◆ INSTRUCTIONS FOR THE TASK
Copy nothing but the lines from the one containing "Figure 8a,b show" through the last line of the records, repeated exactly and without pictures.

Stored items

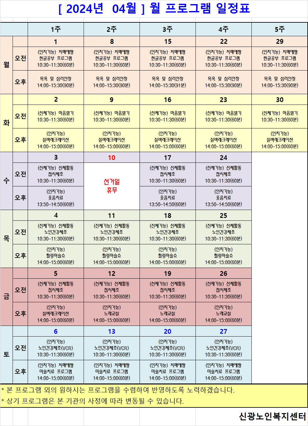 2024³â 4¿ù ÇÁ·Î±×·¥ ÀÏÁ¤Ç¥
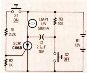 Este circuito usa um capacitor para reduzir por um instante a tensão entre anodo e catodo do SCR para o desligamento. O circuito é um dos muitos semelhantes encontrados nesta seção. Saiu na revista Radio Electronics de setembro de 1987.
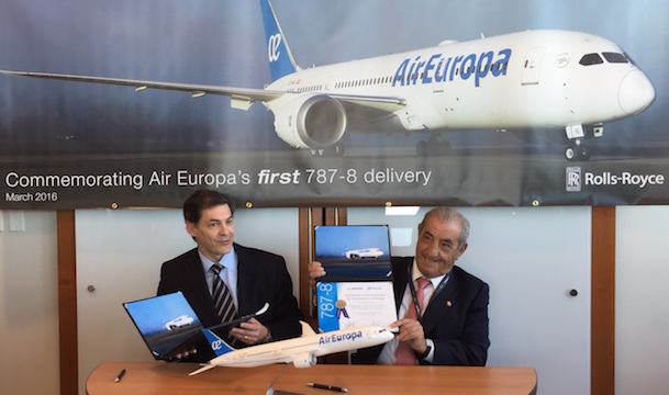 Por su parte, el presidente y consejero delegado de Boeing Commercial Airplanes, Ray Conner, declaró tras la rúbrica que «nos complace entregar el primer 787 Dreamliner a nuestros socios de Air Europa. Este avión es una excelente adquisición para su flota ya que les ofrece la posibilidad de ampliar su red de largo radio hasta el continente americano y más allá mientras ofrece a los pasajeros una comodidad de calidad superior».
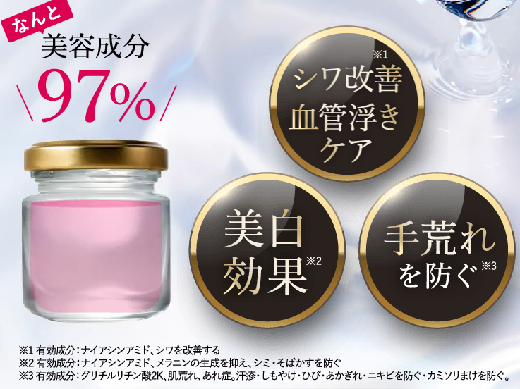 さらに、もう一つの有効成分「グリチルリチン酸2K」が手荒れを防いでくれるので、健やかな手肌を保つための心強い味方です。
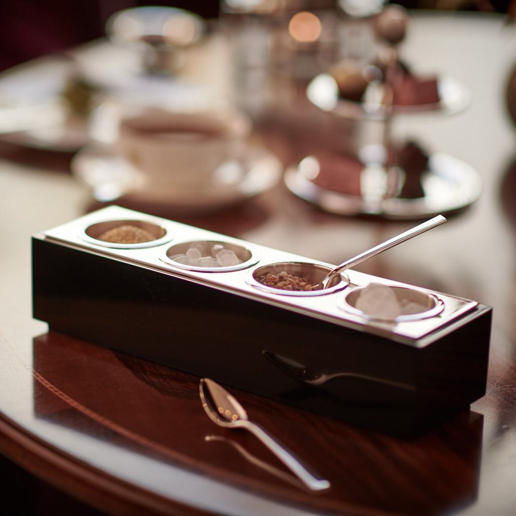Luxury breakfast: In these removable dishes from Robbe & Berking different sorts of jam and sugar can be stylishly served. The frame for the elegant quartet is out of black Corian and silver. The silverplated ensemble is available in two sizes. The slightly bigger version is intended for sugar and jam (here pictured) whilst the smaller one is for salt. Also available in (925) sterling silver.
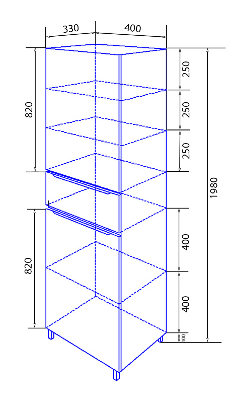 Пенал в собранном виде, с двумя распашными фасадами и одним выдвижным ящиком. Распашные фасады на доводчиках, выдвижной ящик комплектуется направляющими скрытого монтажа с доводчиками. В верхнем распашном фасаде имеется 2 стеклянные полочки, в нижнем - одна полочка из ЛДСП.
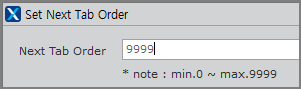 Set Next Tab Order | Next Tab Order 값을 직접 지정합니다. | |
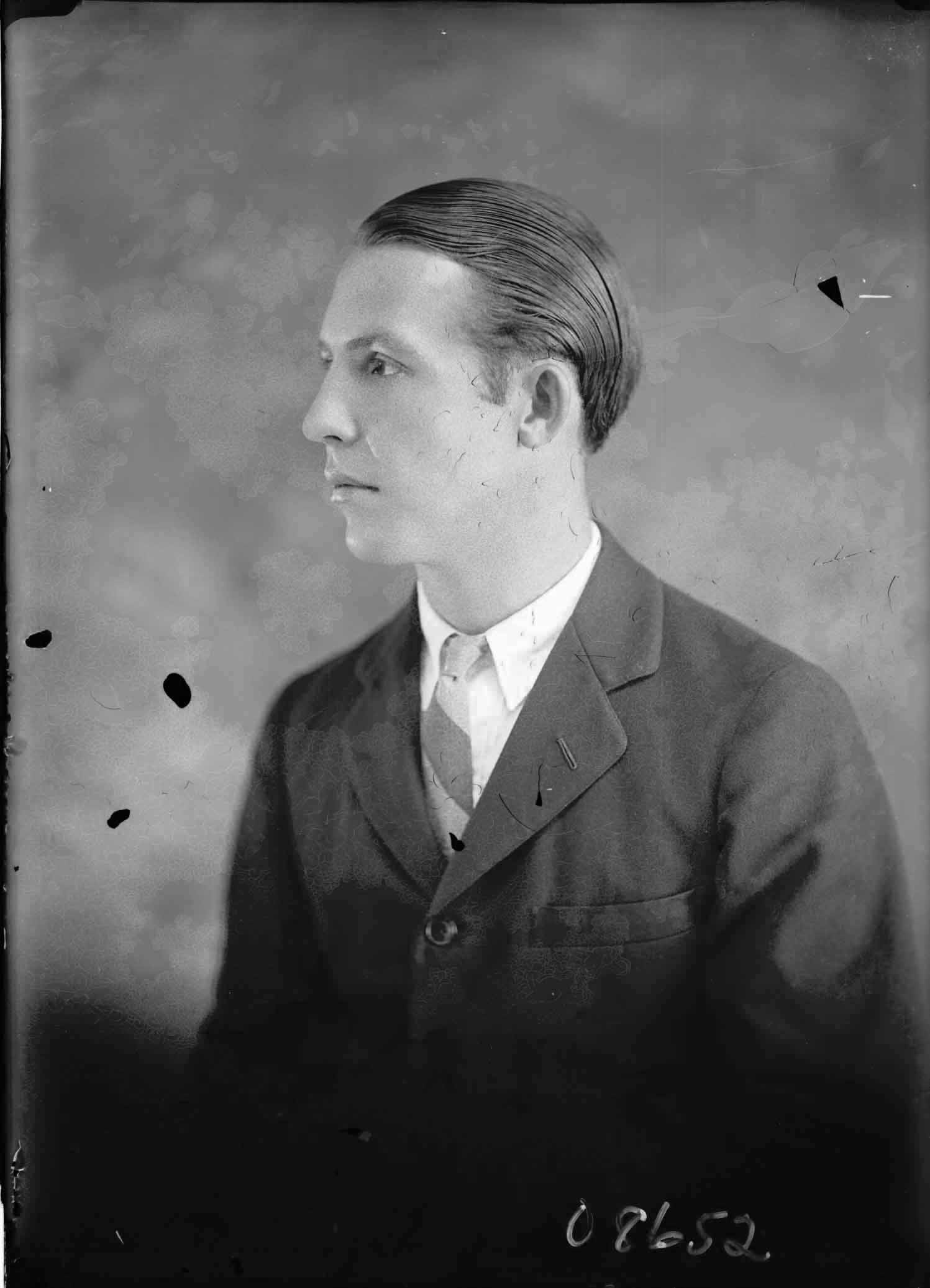 Portrait of an unidentified young man in profile and wearing a suit and tie.
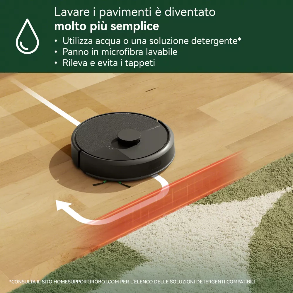 Basta seguire 3 semplici passaggi per passare il mocio: riempi il serbatoio del robot con acqua o soluzione detergente, reinserisci il serbatoio nel robot e aggiungi il panno per il lavaggio. I panni in microfibra possono essere utilizzati fino a 30 volte e Roomba® rileva ed evita i tappeti.
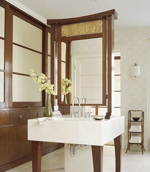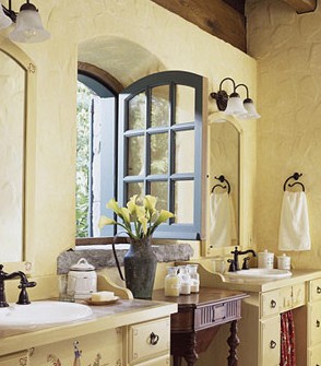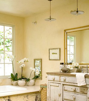 掉漆的浴室柜呈現(xiàn)出原始狀態(tài)的造型,卻正是它使鄉(xiāng)村風格的衛(wèi)浴間拋開一切現(xiàn)代工業(yè)所帶來的束縛感,搭配藤質(zhì)的天然材料,帶給浴室一種溫馨舒適的感覺。
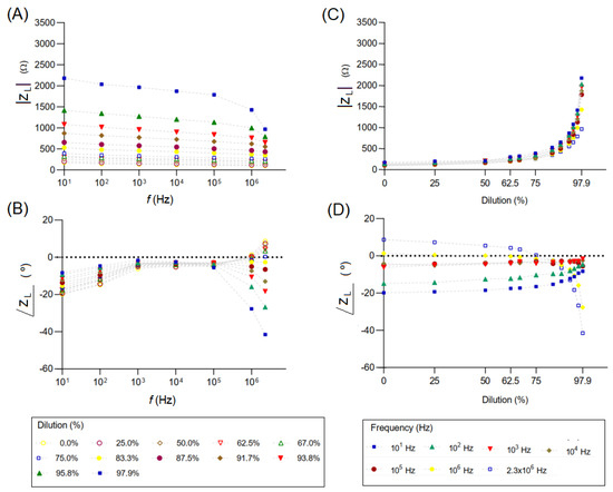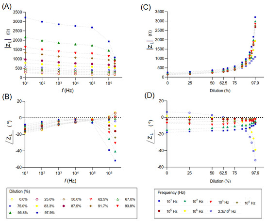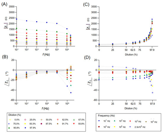 Adulterated milk impedance measurements at . Frequency response is shown in (A,B). The effect of water dilution on the complex impedance is emphasised in (C,D).
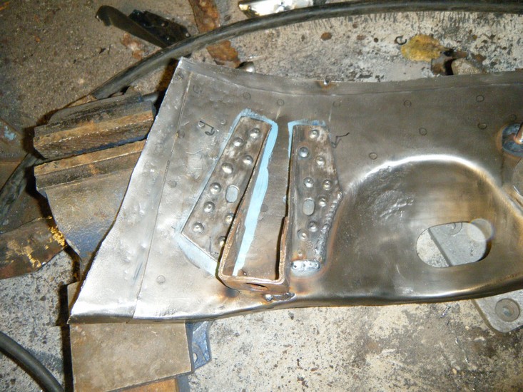Slipt sveisen rundt karosserifesteplato + kappa ut rusta nedi hjørna og fjerna alle restar av plato der
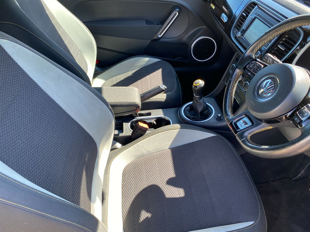 2014 VW Beetle 2.0 TSi GSR in bright yellow. An absolutely stunning example of this Limited Edition Beetle. This is an incredibly rare opportunity to own a piece of motoring history. The car is in stunning condition and drives as good as it looks too. Under the hood, the Beetle is powered by a robust 2.0L engine, delivering an impressive 207 BHP. This powerful performance is complemented by a manual transmission, giving you full control and an engaging driving experience. Huge spec including Bluetooth Hands Free, Bluetooth Audio Streaming, DAB Radio, Cruise Control, Dual Zone Climate Control, Front & Rear Parking Sensors, A/C, Alloy Wheels, Fender Sound System etc. Don't miss your chance to own this fabulous Volkswagen Beetle. Contact Coopers Car Sales at 02920885149 today to arrange a viewing and experience all these fantastic features for yourself! 12v Socket,Adjustable Steering Wheel,Air Conditioning,Alarm,Alloy Wheels,Anti Lock Brakes,Auto On Headlights,Aux Input,Bluetooth Telephone Hands Free,Bluetooth Audio Streaming,CD Radio,Central Locking,Climate Control,Cloth Upholstery,Cruise Control,Cupholders,DAB Radio,Driver Airbag,Dual Zone Climate Control,Electric & Heated Door Mirrors,Electric Windows,Front Fog Lights,Front Parking Sensor,Fuel Computer,Height Adjustable Drivers Seat,Immobiliser,ISOFIX,Heated Seats,Multiple Airbags,Passenger Airbag,Power Assisted Steering,Remote Central Locking,Rear Parking Sensor,Split Folding Rear Seats,Traction Control,Trip Computer,Tyre Pressure Monitor,USB
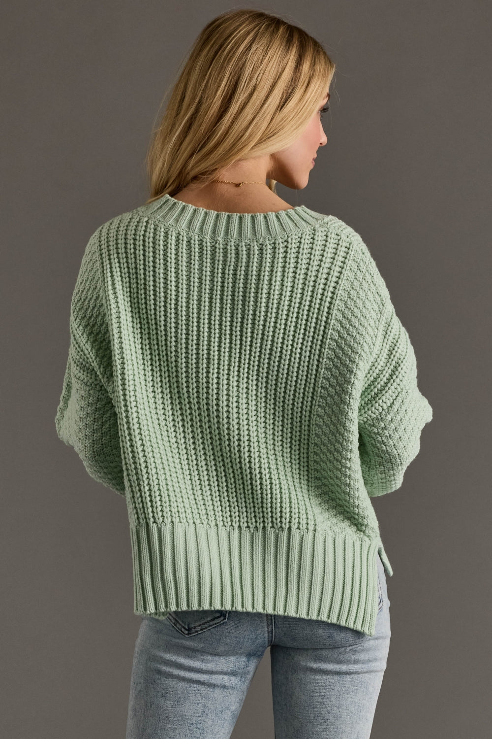 - Oversized fit with textured knit design and cropped length
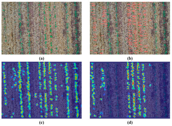 Figure 8a,b show the image of the maize–soybean strip composite planting and the detection image of the M5 model, respectively. The thermal distribution map in Figure 8c shows that the original YOLOv5s model focuses on the soybean seedlings and nearly all of the maize seedlings. Although the model focuses more on the features of soybean seedlings than on maize seedlings, the excessive focus on regions associated with maize seedlings can lead to misclassifications. With the addition of ECA and BiFPN modules, the improved model in Figure 8d emphasizes the focal regions of soybean seedlings and a small number of maize seedlings during the target identification stage. Eventually, soybean seedlings are identified from these focal regions by effectively filtering out the unimportant or non-target feature information, thereby improving identification accuracy.
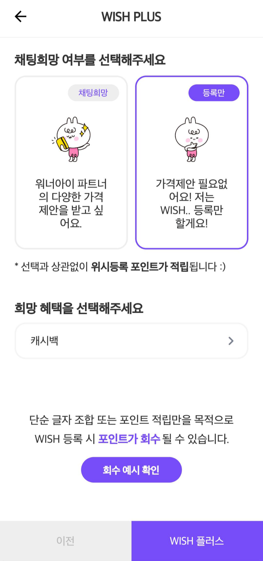 등록을 하게되면 위시포인트 100포인트를 준다.
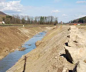 Die neuen beidseitigen Uferbereiche weisen je nach Bestockung verschiedene Neigungen auf. In der Regel wird die Uferseite bestockt, wo sich die
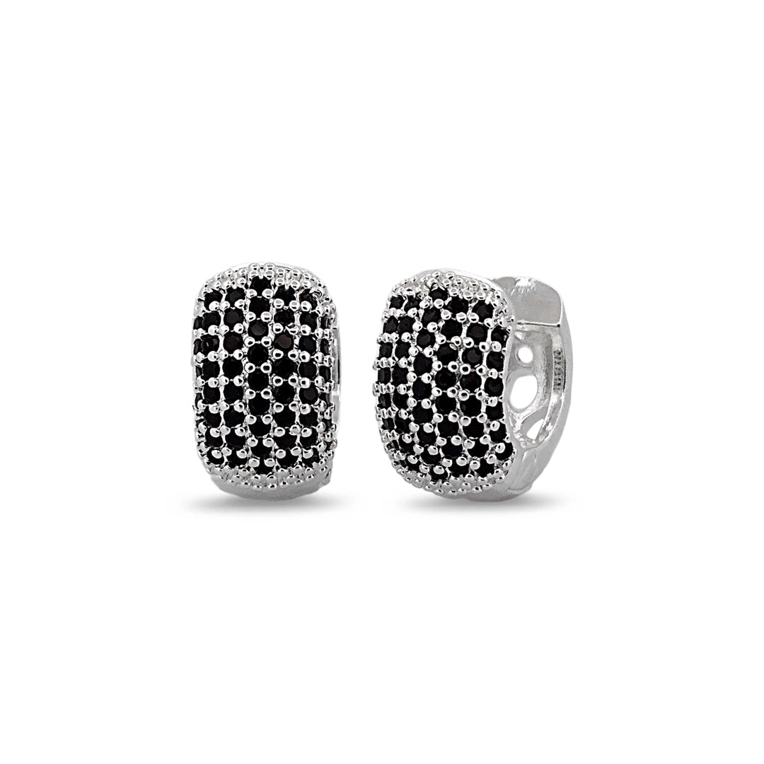 Brinco De Prata Leve Argola Clic com Zircônias Ônix M

◆ FINAL ANSWER
 Figure 8a,b show the image of the maize–soybean strip composite planting and the detection image of the M5 model, respectively. The thermal distribution map in Figure 8c shows that the original YOLOv5s model focuses on the soybean seedlings and nearly all of the maize seedlings. Although the model focuses more on the features of soybean seedlings than on maize seedlings, the excessive focus on regions associated with maize seedlings can lead to misclassifications. With the addition of ECA and BiFPN modules, the improved model in Figure 8d emphasizes the focal regions of soybean seedlings and a small number of maize seedlings during the target identification stage. Eventually, soybean seedlings are identified from these focal regions by effectively filtering out the unimportant or non-target feature information, thereby improving identification accuracy.
 등록을 하게되면 위시포인트 100포인트를 준다.
 Die neuen beidseitigen Uferbereiche weisen je nach Bestockung verschiedene Neigungen auf. In der Regel wird die Uferseite bestockt, wo sich die
 Brinco De Prata Leve Argola Clic com Zircônias Ônix M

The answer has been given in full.